Sold Union Pacific – 23.66% Return in 72 Days
Value investing is about buying low and selling high. The investor creates a model to set buy/sell triggers and exercises this program with investmetns.
Value investing is about buying low and selling high. The investor creates a model to set buy/sell triggers and exercises this program with investmetns.
With options, an owner of stock fears a sudden steep drop in price and thus they may purchase an option called ‘PUTs’ to force someone to buy the stock at a preset price. The key for the owner of a PUT is to set a floor price for their existing stock position. A seller of a PUT desires to own the stock at a certain price if it can get there.
Value investing allows investors to earn outstanding returns with a much lower risk. This is another example of excellent returns on a high quality stock. The example value investment fund purchased Norfolk Southern 13 days ago while the share price was 10% discounted from a prior market peak price. The sell trigger was preset at 103% of the prior peak. The only action that needed to occur is market recovery which happened this morning. The buy/sell frequency was extremely quick for this transaction which accelerates the return on the investment.
From the Lessons Learned article posted a few days ago, in order to gain higher returns, the investment model needs to have greater dispersion with my buy/sell trigger points in its model. Last year, the buy/sell triggers for Union Pacific were a 17% market price decrease from the prior peak and to sell at 100% of prior peak.

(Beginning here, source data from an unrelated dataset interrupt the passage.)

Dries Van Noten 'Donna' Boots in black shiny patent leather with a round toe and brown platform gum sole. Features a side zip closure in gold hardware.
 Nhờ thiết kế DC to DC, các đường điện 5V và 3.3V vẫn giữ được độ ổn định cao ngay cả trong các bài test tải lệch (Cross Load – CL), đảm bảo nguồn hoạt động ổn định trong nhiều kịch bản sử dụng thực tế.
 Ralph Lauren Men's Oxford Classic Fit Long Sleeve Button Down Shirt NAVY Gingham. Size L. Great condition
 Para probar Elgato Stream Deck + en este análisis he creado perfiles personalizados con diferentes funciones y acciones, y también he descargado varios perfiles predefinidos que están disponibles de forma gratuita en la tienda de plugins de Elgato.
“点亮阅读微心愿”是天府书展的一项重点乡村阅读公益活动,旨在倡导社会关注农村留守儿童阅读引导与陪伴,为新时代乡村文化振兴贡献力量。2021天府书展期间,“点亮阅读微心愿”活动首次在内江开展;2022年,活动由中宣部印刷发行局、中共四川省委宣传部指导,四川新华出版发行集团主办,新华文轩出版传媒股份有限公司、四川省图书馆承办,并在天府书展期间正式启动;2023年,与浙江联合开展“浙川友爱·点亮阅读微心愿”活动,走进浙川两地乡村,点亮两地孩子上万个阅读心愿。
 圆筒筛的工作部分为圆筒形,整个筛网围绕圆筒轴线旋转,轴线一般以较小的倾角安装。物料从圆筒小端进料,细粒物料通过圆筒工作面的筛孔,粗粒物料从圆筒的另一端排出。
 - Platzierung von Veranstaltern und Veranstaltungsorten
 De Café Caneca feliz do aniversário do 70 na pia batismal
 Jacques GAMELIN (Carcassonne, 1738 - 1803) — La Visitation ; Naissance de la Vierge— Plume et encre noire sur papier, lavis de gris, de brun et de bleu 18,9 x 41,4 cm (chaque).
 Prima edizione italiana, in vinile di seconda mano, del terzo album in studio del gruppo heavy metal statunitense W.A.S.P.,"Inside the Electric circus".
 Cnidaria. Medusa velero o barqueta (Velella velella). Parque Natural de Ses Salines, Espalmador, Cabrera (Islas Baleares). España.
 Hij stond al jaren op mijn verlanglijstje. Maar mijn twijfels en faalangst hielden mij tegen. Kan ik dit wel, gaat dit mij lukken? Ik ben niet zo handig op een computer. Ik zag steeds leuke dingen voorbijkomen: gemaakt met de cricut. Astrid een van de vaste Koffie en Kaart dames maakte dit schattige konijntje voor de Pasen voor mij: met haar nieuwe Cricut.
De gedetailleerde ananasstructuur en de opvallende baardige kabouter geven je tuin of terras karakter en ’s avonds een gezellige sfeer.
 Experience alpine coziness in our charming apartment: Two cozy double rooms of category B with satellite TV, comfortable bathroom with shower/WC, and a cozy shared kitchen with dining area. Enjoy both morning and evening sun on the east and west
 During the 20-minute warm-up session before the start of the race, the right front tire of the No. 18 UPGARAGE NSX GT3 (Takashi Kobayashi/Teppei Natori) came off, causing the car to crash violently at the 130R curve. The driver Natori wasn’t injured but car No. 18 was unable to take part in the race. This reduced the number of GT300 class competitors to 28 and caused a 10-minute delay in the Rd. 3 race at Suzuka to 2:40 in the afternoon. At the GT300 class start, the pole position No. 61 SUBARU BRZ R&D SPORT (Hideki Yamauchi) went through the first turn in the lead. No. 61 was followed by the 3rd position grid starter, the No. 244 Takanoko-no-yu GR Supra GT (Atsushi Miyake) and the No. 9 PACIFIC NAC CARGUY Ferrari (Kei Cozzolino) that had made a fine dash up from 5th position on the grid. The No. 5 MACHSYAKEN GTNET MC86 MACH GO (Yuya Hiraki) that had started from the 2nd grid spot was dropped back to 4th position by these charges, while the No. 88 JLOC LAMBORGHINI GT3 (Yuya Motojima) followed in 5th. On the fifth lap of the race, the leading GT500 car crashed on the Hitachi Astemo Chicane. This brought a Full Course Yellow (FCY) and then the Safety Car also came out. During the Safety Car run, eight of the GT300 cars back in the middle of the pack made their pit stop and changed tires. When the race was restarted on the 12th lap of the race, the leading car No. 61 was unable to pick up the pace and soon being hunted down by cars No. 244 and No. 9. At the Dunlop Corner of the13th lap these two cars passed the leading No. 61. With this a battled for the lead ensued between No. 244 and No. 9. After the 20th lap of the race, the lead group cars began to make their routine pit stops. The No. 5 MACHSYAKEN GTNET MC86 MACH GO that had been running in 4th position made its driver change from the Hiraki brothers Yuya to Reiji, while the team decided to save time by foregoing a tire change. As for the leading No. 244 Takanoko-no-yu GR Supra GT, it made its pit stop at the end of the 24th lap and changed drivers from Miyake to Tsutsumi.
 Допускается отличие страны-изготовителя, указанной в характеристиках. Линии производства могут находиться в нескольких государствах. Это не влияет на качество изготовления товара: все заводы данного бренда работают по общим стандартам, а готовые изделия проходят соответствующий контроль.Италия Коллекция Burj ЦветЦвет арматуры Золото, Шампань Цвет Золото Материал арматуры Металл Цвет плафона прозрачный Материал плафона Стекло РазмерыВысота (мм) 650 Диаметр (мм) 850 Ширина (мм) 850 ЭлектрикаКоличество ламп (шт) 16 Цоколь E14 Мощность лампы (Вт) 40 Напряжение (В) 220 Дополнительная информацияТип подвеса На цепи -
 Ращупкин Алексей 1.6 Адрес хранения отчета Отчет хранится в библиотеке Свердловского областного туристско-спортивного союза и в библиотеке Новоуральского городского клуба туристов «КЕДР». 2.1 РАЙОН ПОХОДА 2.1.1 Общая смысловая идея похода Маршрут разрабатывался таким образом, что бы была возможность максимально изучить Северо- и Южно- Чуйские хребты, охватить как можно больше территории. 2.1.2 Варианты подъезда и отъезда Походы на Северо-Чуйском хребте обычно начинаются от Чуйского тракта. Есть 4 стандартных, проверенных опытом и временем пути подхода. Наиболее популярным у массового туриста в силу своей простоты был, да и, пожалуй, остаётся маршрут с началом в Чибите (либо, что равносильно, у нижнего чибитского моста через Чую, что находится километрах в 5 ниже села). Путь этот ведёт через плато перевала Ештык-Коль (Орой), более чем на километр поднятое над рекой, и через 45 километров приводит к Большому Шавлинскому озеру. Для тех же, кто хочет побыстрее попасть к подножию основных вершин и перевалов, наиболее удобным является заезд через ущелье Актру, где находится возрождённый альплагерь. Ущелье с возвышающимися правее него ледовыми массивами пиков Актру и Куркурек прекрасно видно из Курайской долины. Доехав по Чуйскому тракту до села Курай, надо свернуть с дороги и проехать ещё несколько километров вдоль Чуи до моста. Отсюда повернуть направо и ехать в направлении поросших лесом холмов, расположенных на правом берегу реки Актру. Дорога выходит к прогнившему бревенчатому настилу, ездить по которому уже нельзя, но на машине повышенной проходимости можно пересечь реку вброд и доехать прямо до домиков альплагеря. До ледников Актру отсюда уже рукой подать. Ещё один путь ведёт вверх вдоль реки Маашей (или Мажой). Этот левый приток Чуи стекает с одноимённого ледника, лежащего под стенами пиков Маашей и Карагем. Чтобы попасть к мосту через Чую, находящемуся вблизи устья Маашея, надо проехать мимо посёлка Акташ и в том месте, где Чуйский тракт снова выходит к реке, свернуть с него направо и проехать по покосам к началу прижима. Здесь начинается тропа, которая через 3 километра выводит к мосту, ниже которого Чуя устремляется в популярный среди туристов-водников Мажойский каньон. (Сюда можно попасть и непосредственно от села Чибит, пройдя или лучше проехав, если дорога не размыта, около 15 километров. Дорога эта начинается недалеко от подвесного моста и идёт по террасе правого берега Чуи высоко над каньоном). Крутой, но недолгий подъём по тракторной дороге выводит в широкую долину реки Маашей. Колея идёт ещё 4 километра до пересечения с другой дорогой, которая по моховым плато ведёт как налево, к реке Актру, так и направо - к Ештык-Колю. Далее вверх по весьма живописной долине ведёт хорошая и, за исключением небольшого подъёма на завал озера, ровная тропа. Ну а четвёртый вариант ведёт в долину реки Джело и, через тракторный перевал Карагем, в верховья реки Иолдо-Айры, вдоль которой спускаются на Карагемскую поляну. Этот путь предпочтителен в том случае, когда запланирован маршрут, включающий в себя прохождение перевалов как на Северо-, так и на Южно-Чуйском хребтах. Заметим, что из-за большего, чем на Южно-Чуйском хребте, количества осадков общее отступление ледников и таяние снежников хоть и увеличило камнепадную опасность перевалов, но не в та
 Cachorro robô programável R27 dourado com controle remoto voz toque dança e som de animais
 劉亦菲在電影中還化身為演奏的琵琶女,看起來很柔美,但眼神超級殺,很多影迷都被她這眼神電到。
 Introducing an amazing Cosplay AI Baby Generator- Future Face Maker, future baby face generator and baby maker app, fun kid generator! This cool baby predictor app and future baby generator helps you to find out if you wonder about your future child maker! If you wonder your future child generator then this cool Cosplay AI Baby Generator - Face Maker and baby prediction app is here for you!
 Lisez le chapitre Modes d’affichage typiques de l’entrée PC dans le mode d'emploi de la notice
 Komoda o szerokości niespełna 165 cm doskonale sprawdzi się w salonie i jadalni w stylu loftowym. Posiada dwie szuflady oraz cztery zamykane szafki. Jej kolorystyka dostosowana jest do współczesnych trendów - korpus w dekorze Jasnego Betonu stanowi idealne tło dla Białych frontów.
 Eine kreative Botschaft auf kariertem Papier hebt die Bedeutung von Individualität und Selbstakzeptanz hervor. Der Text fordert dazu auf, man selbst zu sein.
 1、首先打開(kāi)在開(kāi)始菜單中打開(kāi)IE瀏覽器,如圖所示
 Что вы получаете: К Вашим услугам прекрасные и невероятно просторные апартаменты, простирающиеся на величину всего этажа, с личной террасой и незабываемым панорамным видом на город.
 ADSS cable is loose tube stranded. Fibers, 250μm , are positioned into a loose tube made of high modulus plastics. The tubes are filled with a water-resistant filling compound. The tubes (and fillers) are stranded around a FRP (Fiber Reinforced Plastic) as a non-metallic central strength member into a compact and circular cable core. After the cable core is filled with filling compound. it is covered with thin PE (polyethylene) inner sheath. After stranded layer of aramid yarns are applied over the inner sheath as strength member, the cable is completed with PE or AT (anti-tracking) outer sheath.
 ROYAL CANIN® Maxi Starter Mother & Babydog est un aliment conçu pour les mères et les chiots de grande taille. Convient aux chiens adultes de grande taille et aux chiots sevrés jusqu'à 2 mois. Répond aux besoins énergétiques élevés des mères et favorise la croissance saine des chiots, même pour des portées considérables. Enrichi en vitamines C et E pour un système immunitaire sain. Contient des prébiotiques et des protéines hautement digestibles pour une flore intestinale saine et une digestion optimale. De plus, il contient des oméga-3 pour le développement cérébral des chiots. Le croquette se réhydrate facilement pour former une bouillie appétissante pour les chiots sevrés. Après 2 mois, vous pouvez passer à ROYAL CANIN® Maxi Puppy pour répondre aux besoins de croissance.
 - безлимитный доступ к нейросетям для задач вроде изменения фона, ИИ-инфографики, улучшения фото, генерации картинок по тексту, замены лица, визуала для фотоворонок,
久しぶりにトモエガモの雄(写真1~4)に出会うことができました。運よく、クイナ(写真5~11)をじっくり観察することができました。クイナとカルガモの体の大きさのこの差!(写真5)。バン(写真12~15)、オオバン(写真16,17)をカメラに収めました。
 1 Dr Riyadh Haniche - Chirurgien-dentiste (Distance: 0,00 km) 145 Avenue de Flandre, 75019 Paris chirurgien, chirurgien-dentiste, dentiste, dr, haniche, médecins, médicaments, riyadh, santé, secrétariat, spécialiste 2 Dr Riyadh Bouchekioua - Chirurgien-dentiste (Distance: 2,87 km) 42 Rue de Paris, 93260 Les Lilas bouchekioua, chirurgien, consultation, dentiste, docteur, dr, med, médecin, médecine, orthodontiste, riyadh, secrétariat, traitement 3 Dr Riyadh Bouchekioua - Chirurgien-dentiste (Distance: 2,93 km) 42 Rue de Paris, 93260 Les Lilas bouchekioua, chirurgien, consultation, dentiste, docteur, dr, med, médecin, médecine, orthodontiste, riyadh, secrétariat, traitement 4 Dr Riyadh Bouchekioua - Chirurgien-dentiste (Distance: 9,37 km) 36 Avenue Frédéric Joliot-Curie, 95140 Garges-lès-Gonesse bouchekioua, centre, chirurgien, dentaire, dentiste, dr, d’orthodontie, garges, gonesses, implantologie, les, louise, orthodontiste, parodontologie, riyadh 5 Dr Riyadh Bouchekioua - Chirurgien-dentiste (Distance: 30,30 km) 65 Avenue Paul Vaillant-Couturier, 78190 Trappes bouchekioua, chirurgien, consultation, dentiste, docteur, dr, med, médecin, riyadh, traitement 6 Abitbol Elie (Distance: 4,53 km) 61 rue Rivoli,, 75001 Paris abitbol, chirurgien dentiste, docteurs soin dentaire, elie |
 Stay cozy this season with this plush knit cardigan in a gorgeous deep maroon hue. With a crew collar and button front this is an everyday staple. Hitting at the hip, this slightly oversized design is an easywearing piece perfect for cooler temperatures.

This purchase point is driven by the model update whereby market price decreases must hit 18% decrease and the sell point increases to 102% of the prior peak price. This post covers the model update and the associated dollar amounts tied to Union Pacific.
This morning at the market opening, the railways pool of the Value Investment Fund purchased 98.2849 shares of Norfolk Southern at $202.49. Altogether, including transaction fees of $1 per share, the fund invested $20,000.
Today, I sold 59 PUT options for Union Pacific with a strike price of $170.00 with a final date of February 19, 2021. PUTs are simply selling insurance that if the stock price drops to $170 per share, the Value Investment Fund will have to buy them from the owner of the puts.
On 09/14/2020, Norfolk Southern Railroad’s price hit $220.13 at opening. I set my sell point via an automatic sell at $219.88 and thus the shares automatically sold at $220.13.
Railroad stock offers good upside potential with very little risk involved. This particular railroad fund is outperforming the DOW Jones Industrial Average by a factor of three.
49.060606 Shares of Norfolk Southern Corporation – Closes at $175.82/Share FMV = $8,625.84 (Avg Buy Price/Share = $203.83 for Basis of $10,000.00)
Cash Position including recent dividend payment from NSC = $1,555.16
Total Fund Balance = $10,181.00
FMV Gain as a % Since Inception: = 1.81%
Value investing is a principle of investing whereby the investor uses ratios and comparative analysis of similar investments over an extended period of time. In this case, I compared the six publicly traded Class I railways in the United States. Then based on the results, I exercise buy and sell points for each stock within the fund. In this case, Union Pacific Railroad’s prior peak (high selling price) was $188.96.